Music Schools Help You Find Your Voice
Do you have a great singing voice? Do you play one or more musical instruments well? And are you prepared to travel a lot and work strange hours? If you answered yes on more than one of those questions and you want a job in the music industry, music schools and classes provide instrumental or voice training that sets you apart from the crowd.
There are plenty of good musicians; simply having a nice voice or being able to play an instrument will not be enough to create a demand for your music in this extremely competitive job market. Music schools offer classes and courses to help you earn a certificate, diploma, or degree and turn your natural talent into something extraordinary--a skill.
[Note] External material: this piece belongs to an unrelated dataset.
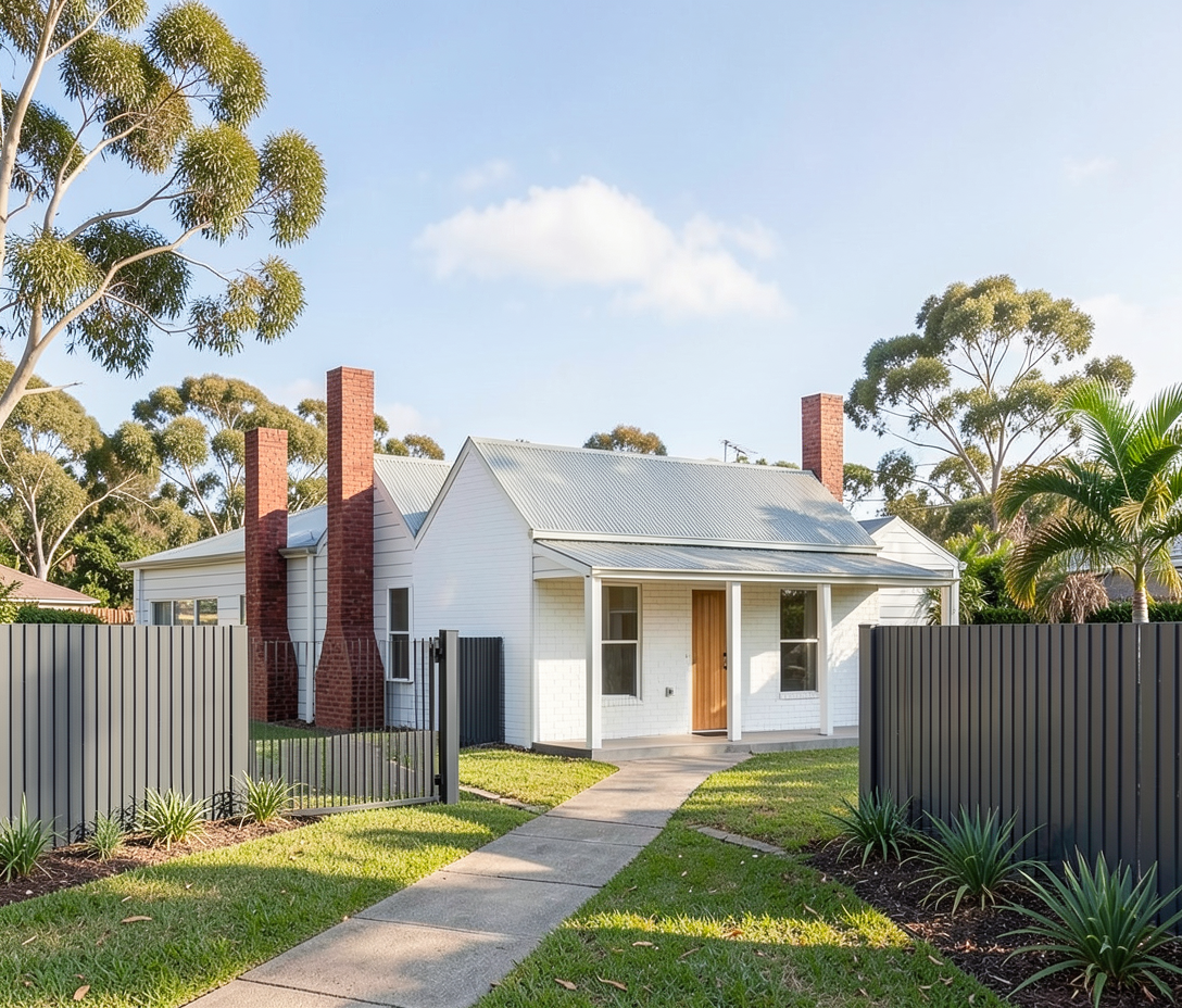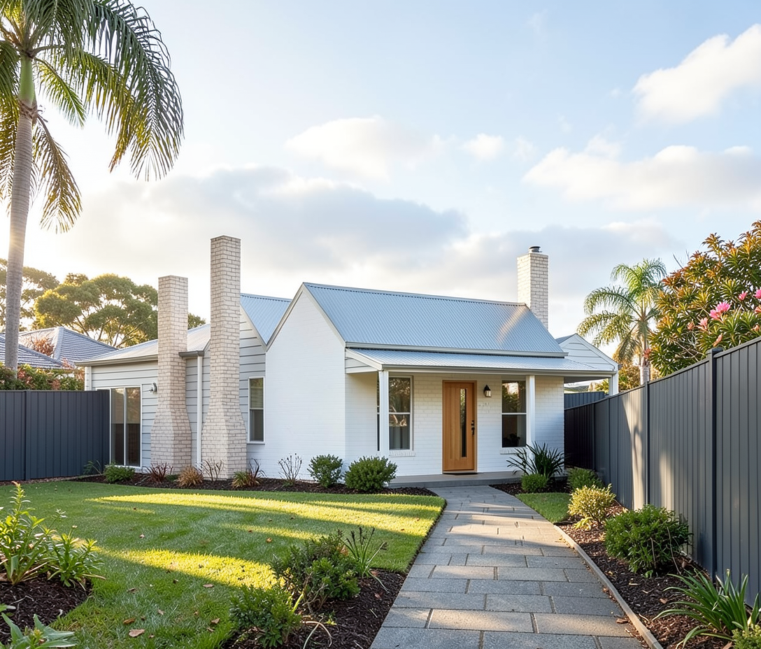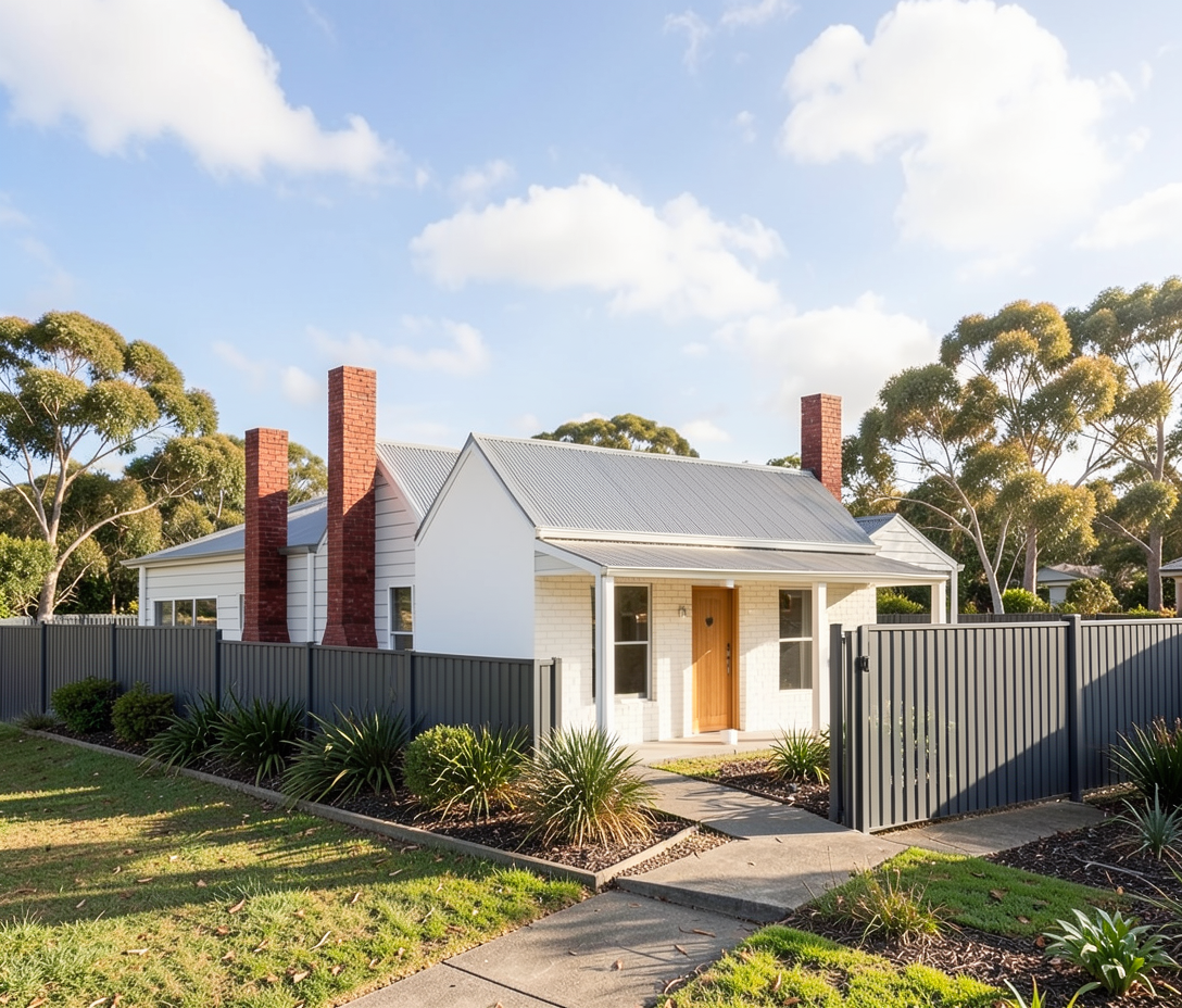 render this in cast stone and buff brick with metal doors the landscape should be grasses all around it and black roofs

Tune up Your Resume with Music School Training
According to the U.S. Bureau of Labor Statistics (BLS), the job field for salaried musicians is expected to grow at the average pace for all jobs: about 10 percent between 2006 and 2016. Approximately 196,000 people worked in singing or instrumental music in 2006, and BLS expects about 20,000 additional salaried musicians to join the work force by 2016. For self-employed musicians, however--such as those who perform in small local venues at night--the number of jobs is projected to increase by only about 5 percent.
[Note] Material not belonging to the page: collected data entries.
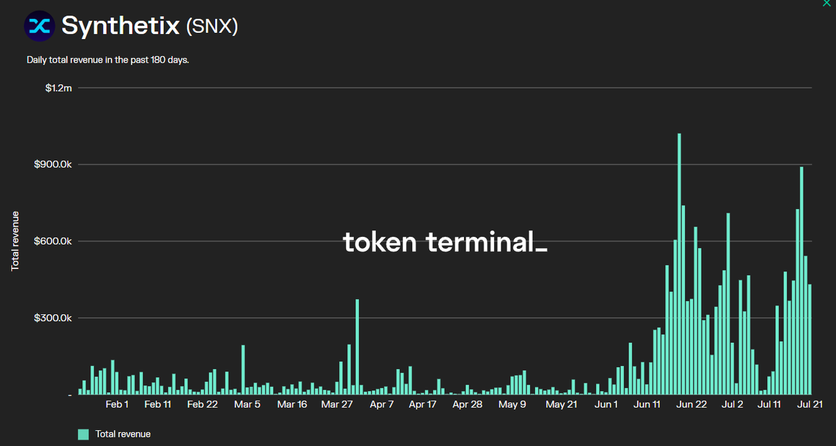 @synthetix_io $SNX hit an all time high in daily revenue last month and has maintained its position as a leading fee generator this month.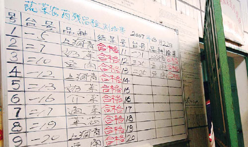 昨天,东莞厚街新围村一农贸市场的公示牌上,标明当天的蔬菜农药残留检测全部合格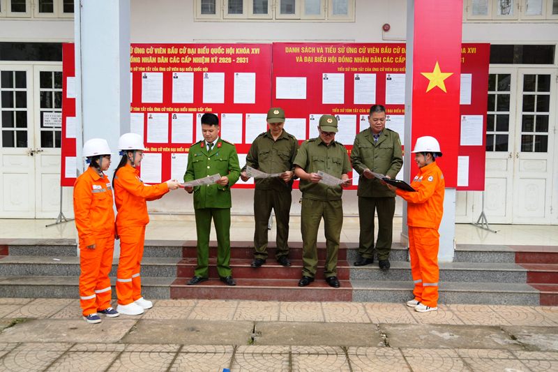 Nhân viên Đội QLĐLKV Bằng Giang phối hợp với lực lượng chức năng tuyên truyền công tác đảm bảo cấp điện an toàn, ổn định phục vụ bầu cử đại biểu Quốc hội khóa XVI và đại biểu HĐND các cấp nhiệm kỳ 2026 - 2031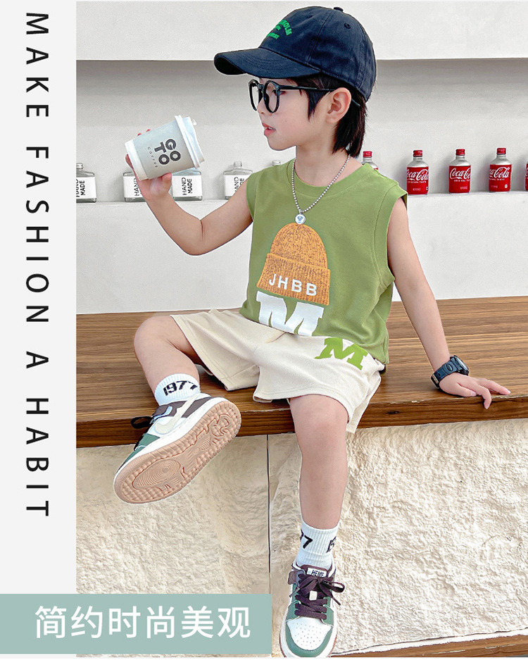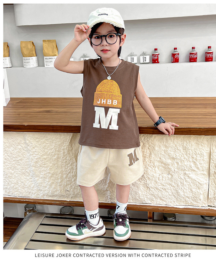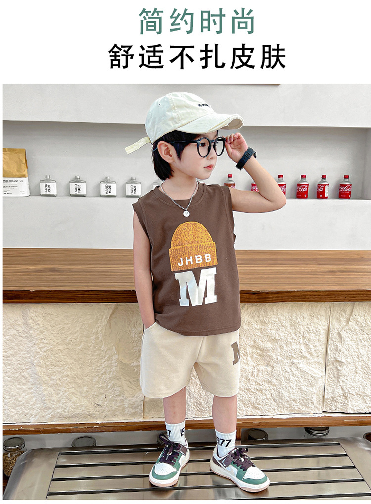소년 여름 얇은 조끼 세트 2025 여름 의류 어린이 멋진 민소매 탑 반바지 투피스 세트스토어 가기

In 2006, the median hourly wage for musicians who specialized in singing or instrumental music was $28.28, as compared to composers and directors, who earned a median hourly wage of $26.36. Of the wage- and salary-earning musicians, more than a third work for religious organizations.
To be considered for the highest-paying jobs in the music industry, make sure you get the training that only an accredited music school can provide. Courses designed to help you fine-tune your talent can turn into a certificate, diploma, or degree. Just as importantly, they'll help make you a star in your own career.